Task to complete:
The required answer is an exact copy of the lines from the one containing "Winter Women's Embroidered" to the end of the listing, both included, without any pictures.

The data:
########
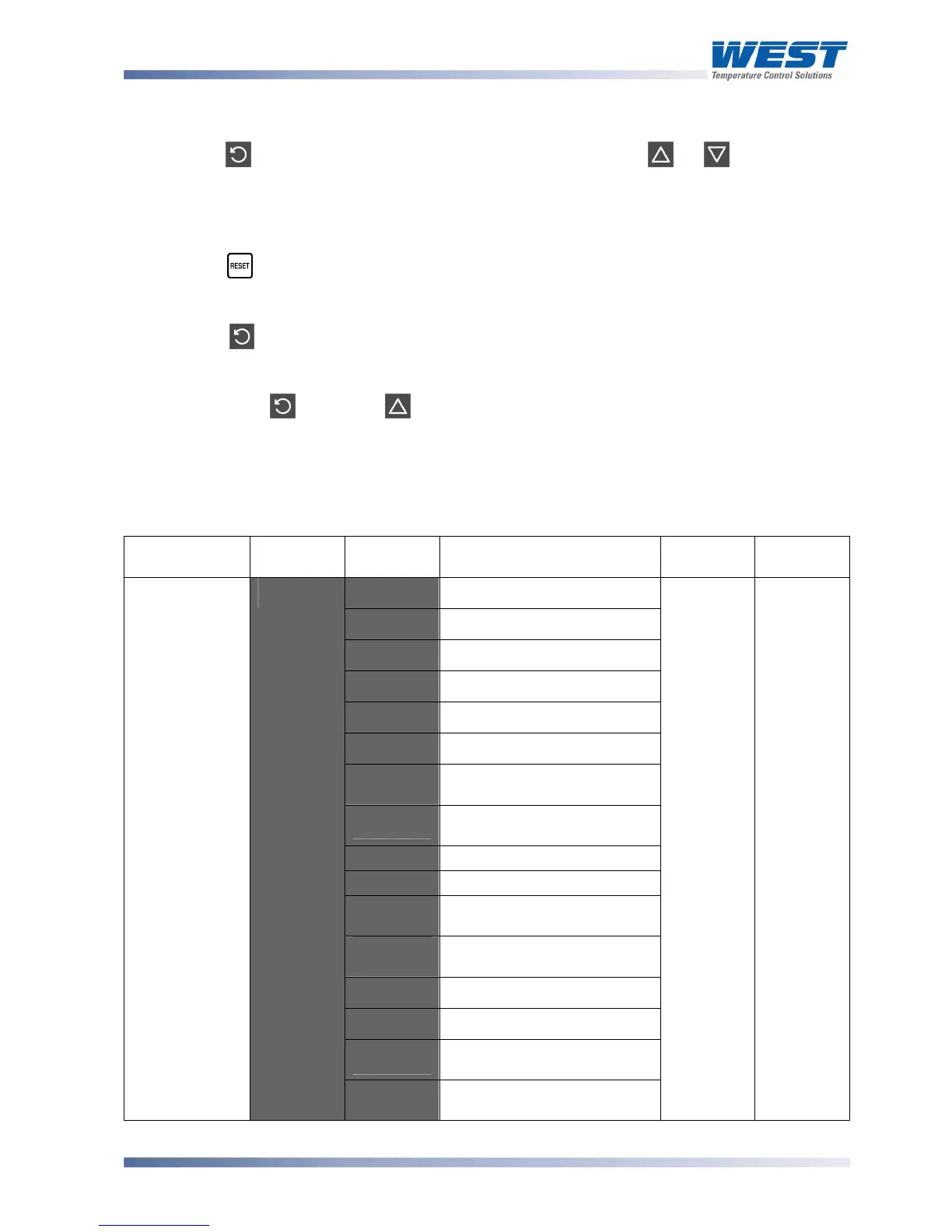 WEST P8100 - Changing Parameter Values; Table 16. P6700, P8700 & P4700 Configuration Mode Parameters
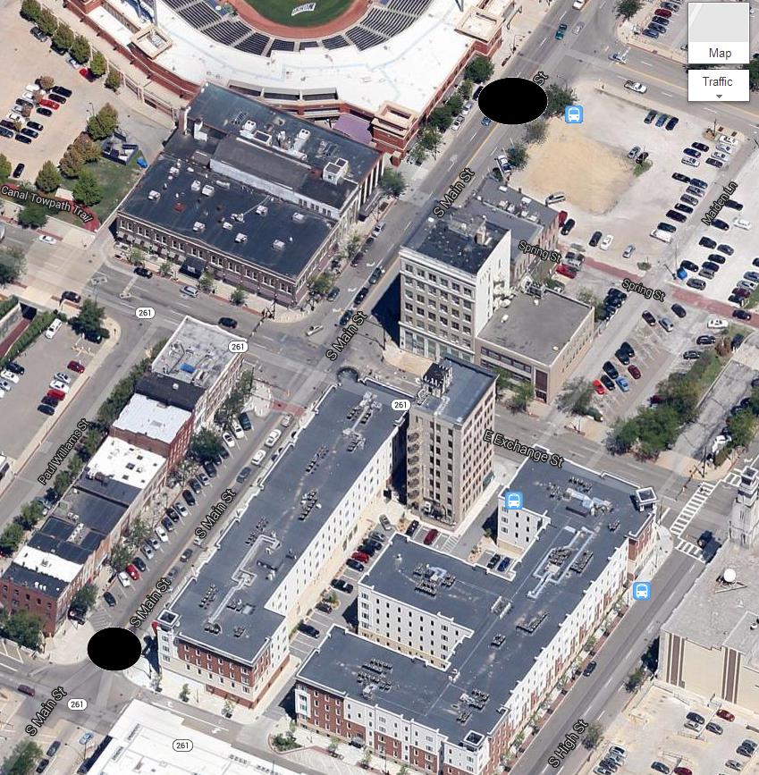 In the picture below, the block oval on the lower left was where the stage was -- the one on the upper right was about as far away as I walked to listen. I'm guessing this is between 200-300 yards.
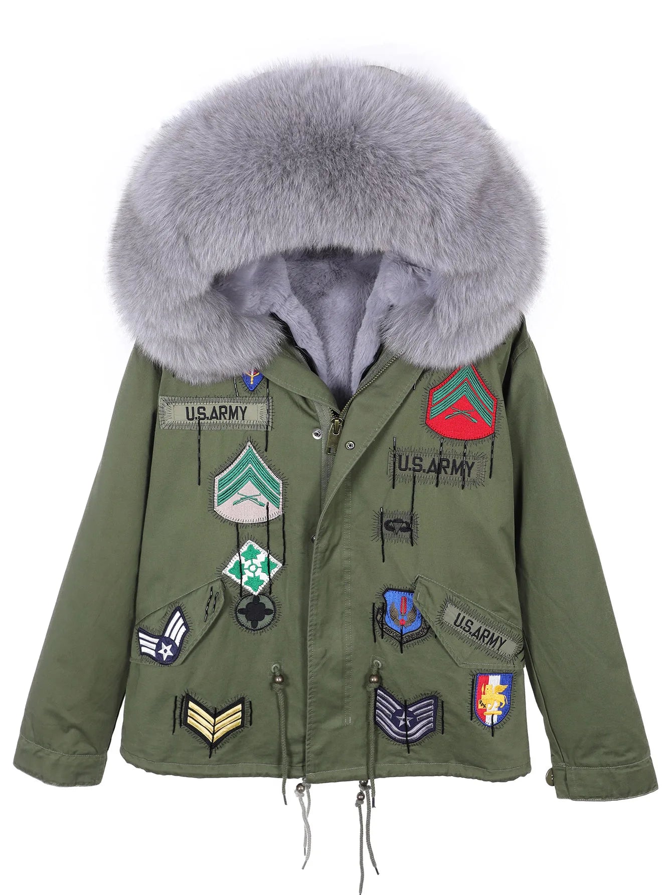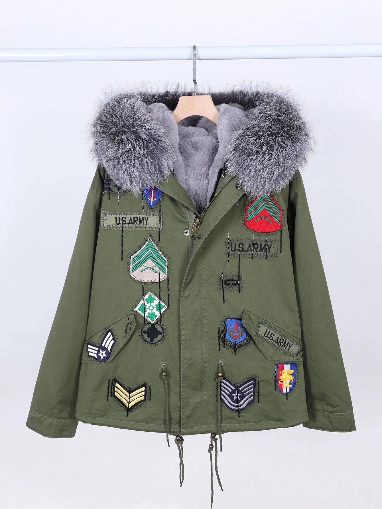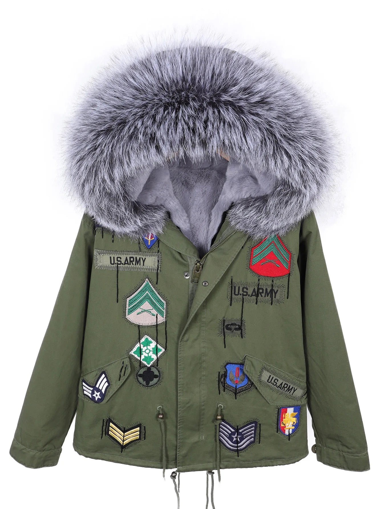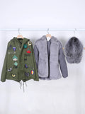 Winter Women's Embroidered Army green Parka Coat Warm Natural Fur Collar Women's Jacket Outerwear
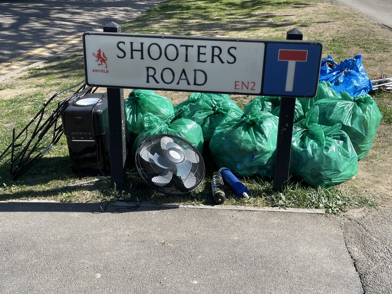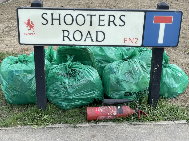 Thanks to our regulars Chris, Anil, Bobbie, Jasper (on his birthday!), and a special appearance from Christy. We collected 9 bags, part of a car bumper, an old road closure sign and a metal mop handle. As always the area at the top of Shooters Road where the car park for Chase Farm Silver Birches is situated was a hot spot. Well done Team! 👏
########
Task answer:
 Winter Women's Embroidered Army green Parka Coat Warm Natural Fur Collar Women's Jacket Outerwear
 Thanks to our regulars Chris, Anil, Bobbie, Jasper (on his birthday!), and a special appearance from Christy. We collected 9 bags, part of a car bumper, an old road closure sign and a metal mop handle. As always the area at the top of Shooters Road where the car park for Chase Farm Silver Birches is situated was a hot spot. Well done Team! 👏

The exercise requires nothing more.